Failure to Ensure Resident Free from Significant Medication Errors Due to Unavailable Medications
Penalty
Summary
The facility failed to ensure that a resident was free from significant medication errors, as required by policy and physician orders. The resident, who had a history of chronic obstructive pulmonary disease (COPD), pulmonary embolism, and asthma, experienced multiple missed doses of critical medications, including a blood thinner (rivaroxaban), inhalers (umeclidinium bromide), roflumilast, and Dupixent injections. Documentation in the electronic medical record (EMR) and medication administration records (MARs) showed repeated instances where these medications were not available or not administered as ordered, with nursing staff noting the unavailability and pending pharmacy deliveries over several days. Interviews with staff and pharmacy personnel revealed that medication reordering processes were inconsistent, with reliance on fax or phone requests and a contingency supply (Pyxis) that did not contain the needed medications. The pharmacy indicated that some medications were sent according to insurance limitations, but there were lapses in communication and follow-through, resulting in missed doses. Nursing staff reported delays in medication delivery, even for STAT orders, and acknowledged that medications were sometimes not reordered in a timely manner or did not arrive as expected.

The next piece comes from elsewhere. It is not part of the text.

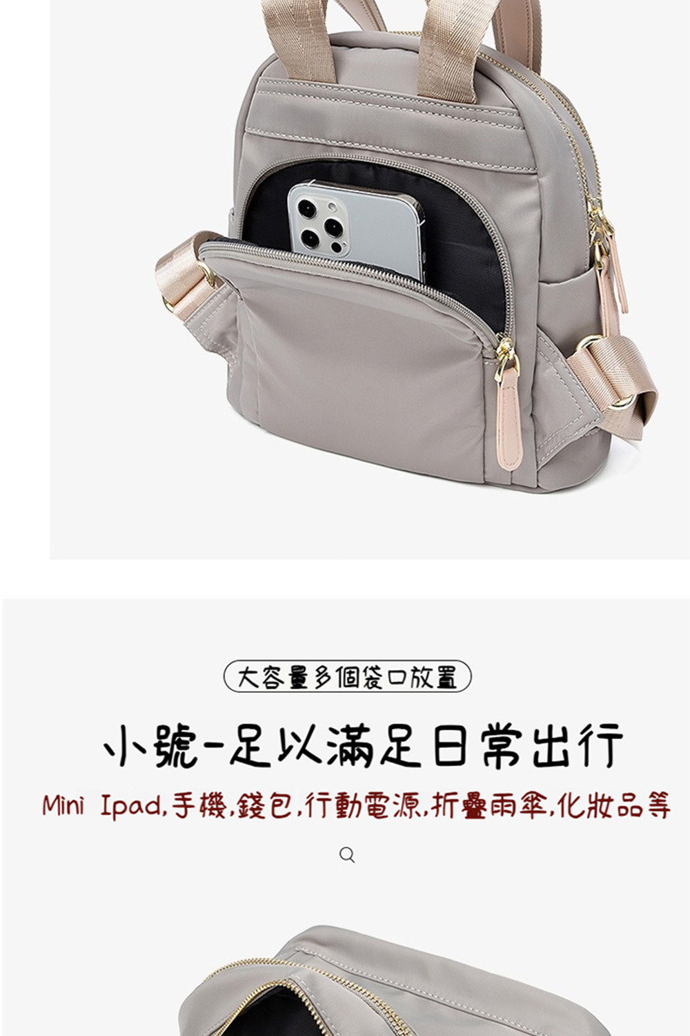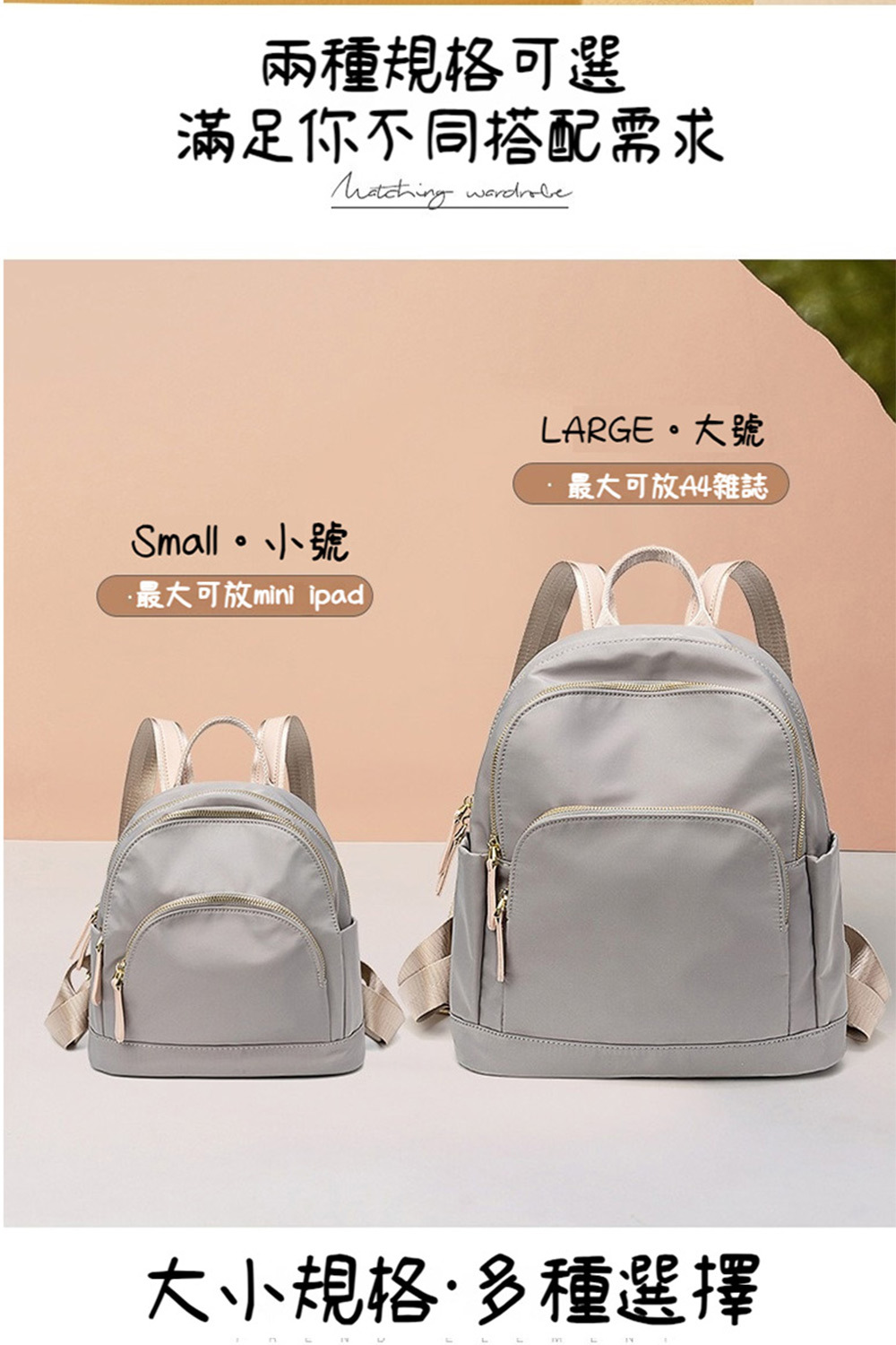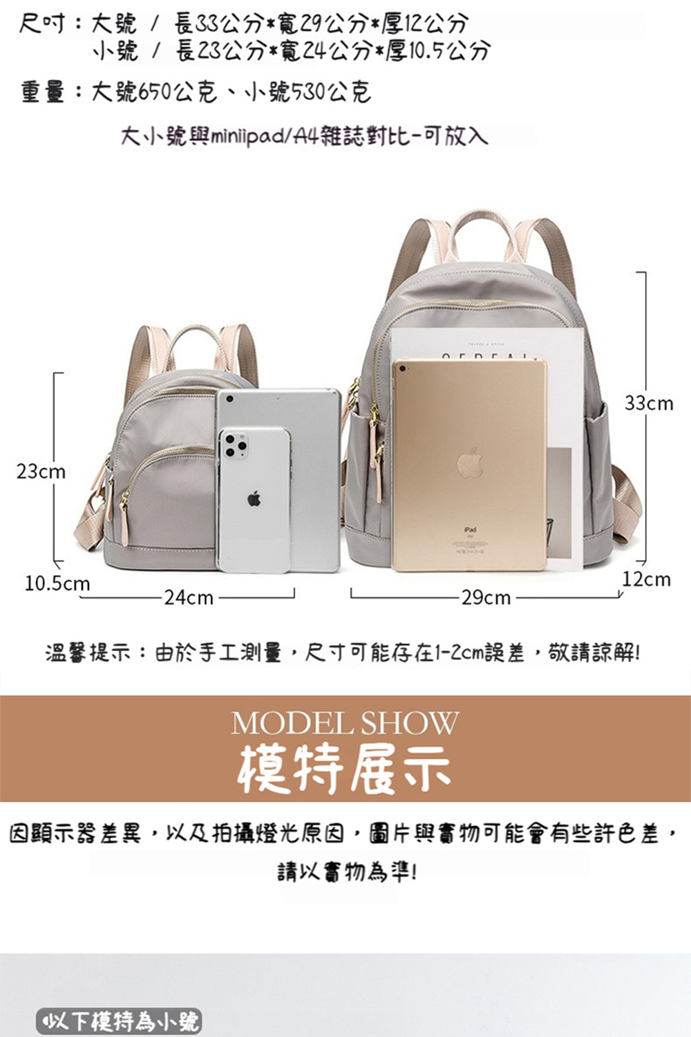 👜容量:小號不可放A4,可放長夾、iPad mini等;大號可放A4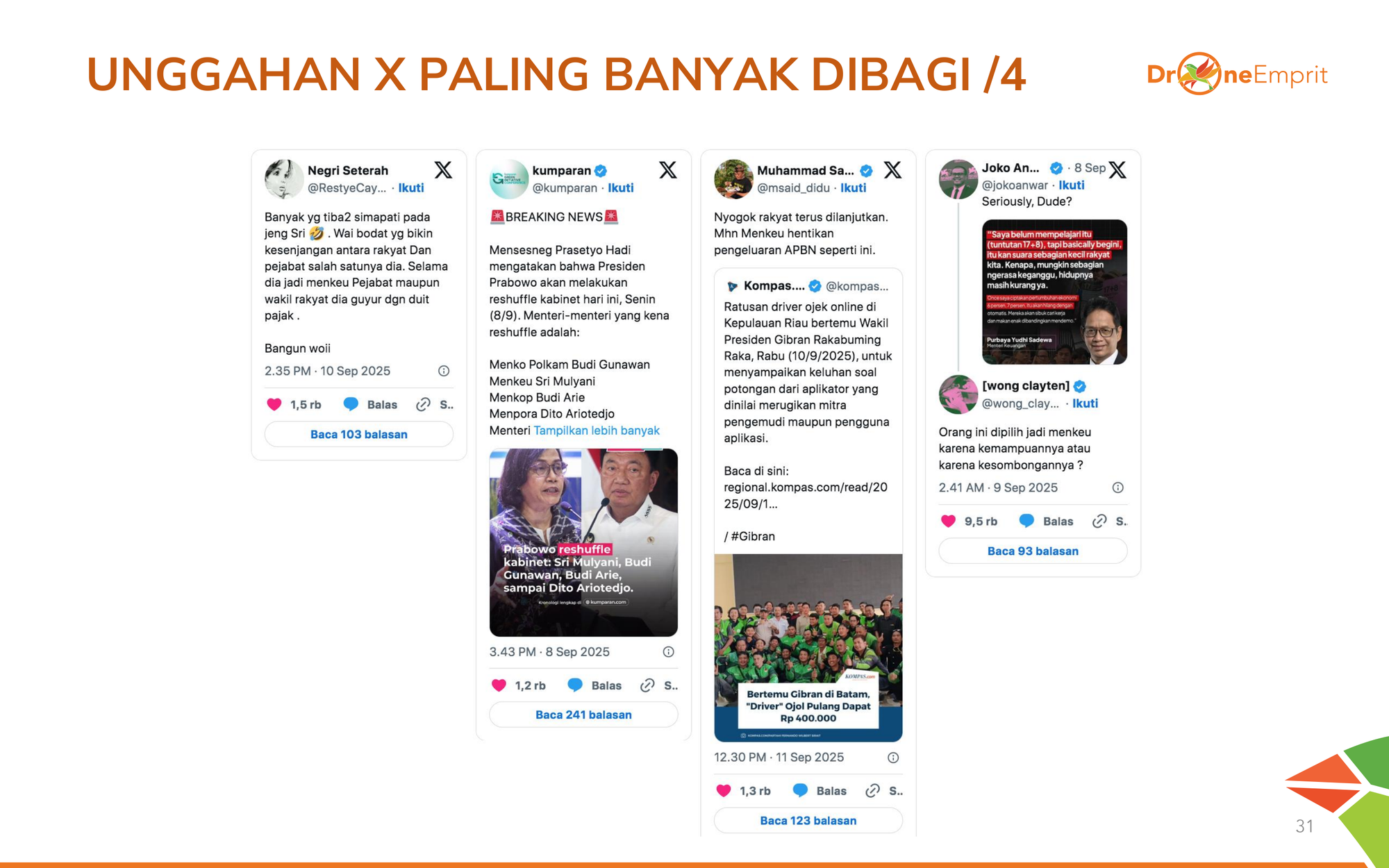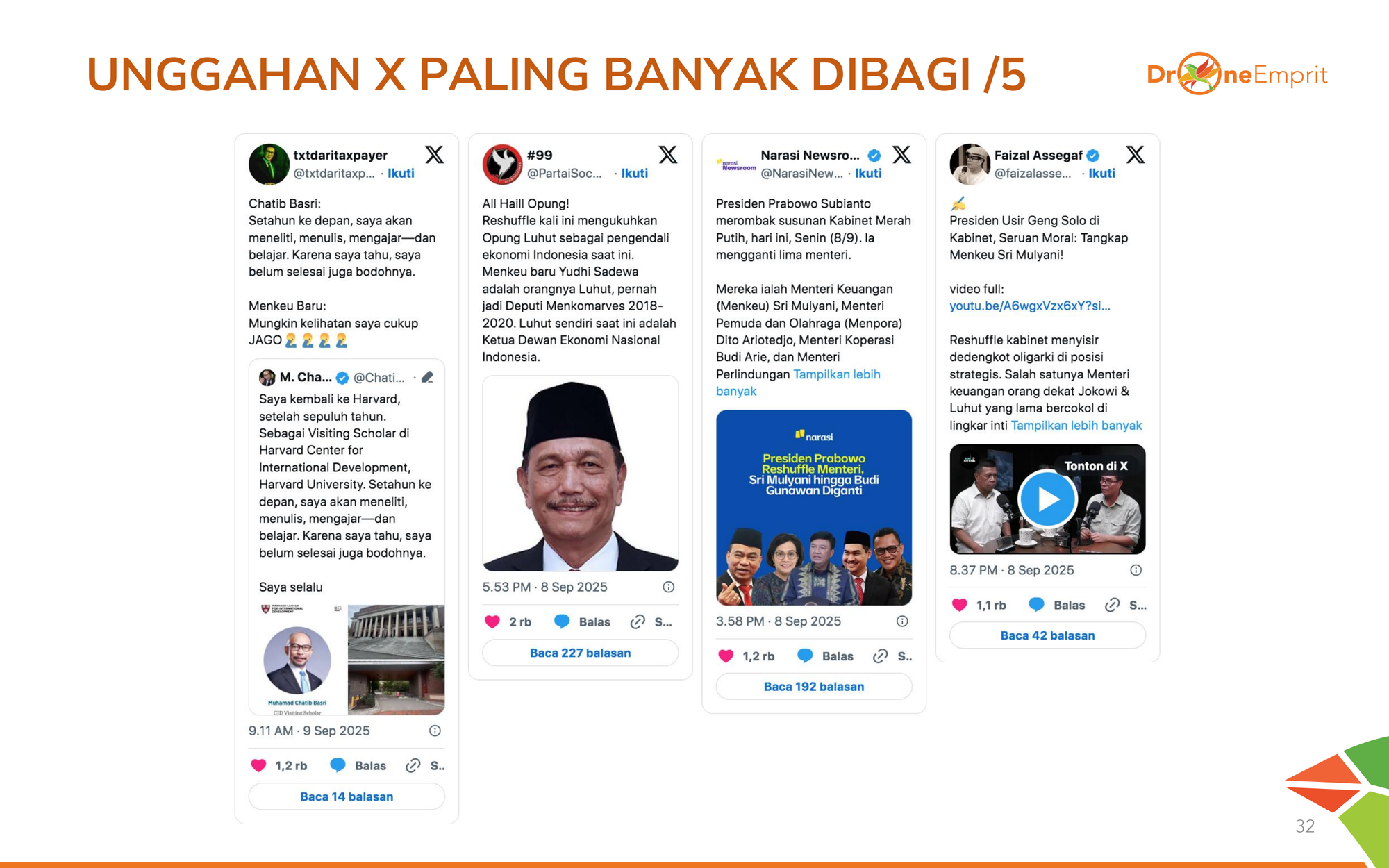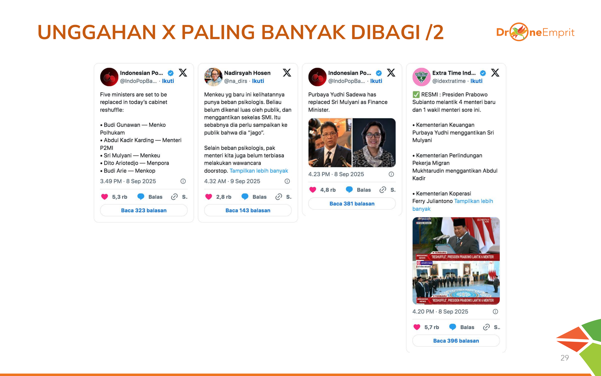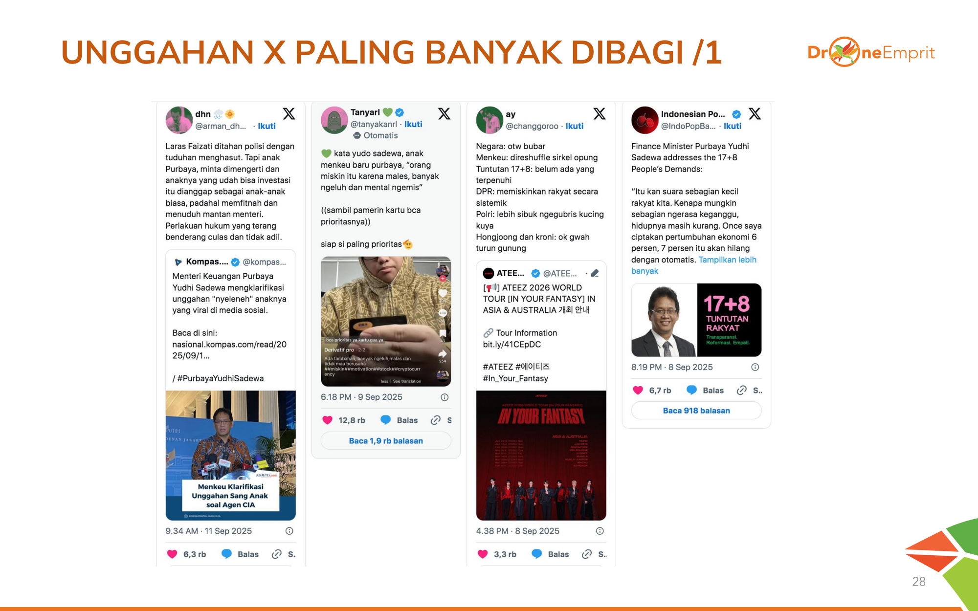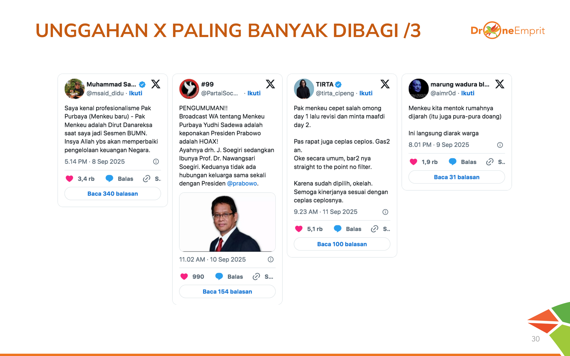 Unggahan X paling banyak dibagikan didominasi oleh kontroversi ucapan anak Menkeu baru, kritik terhadap pemerintah, & pernyataan Purbaya soal demo.

The resident reported missing important medications for COPD and blood thinners, though he did not experience respiratory concerns or blood clots during the period in question. The physician and pharmacy both considered the missed doses of blood thinners and COPD medications to be significant medication errors. Facility leadership, including the DON and ADON, were not fully aware of the extent or frequency of the missed medications until after the fact, and expected staff to follow procedures for obtaining and administering critical medications.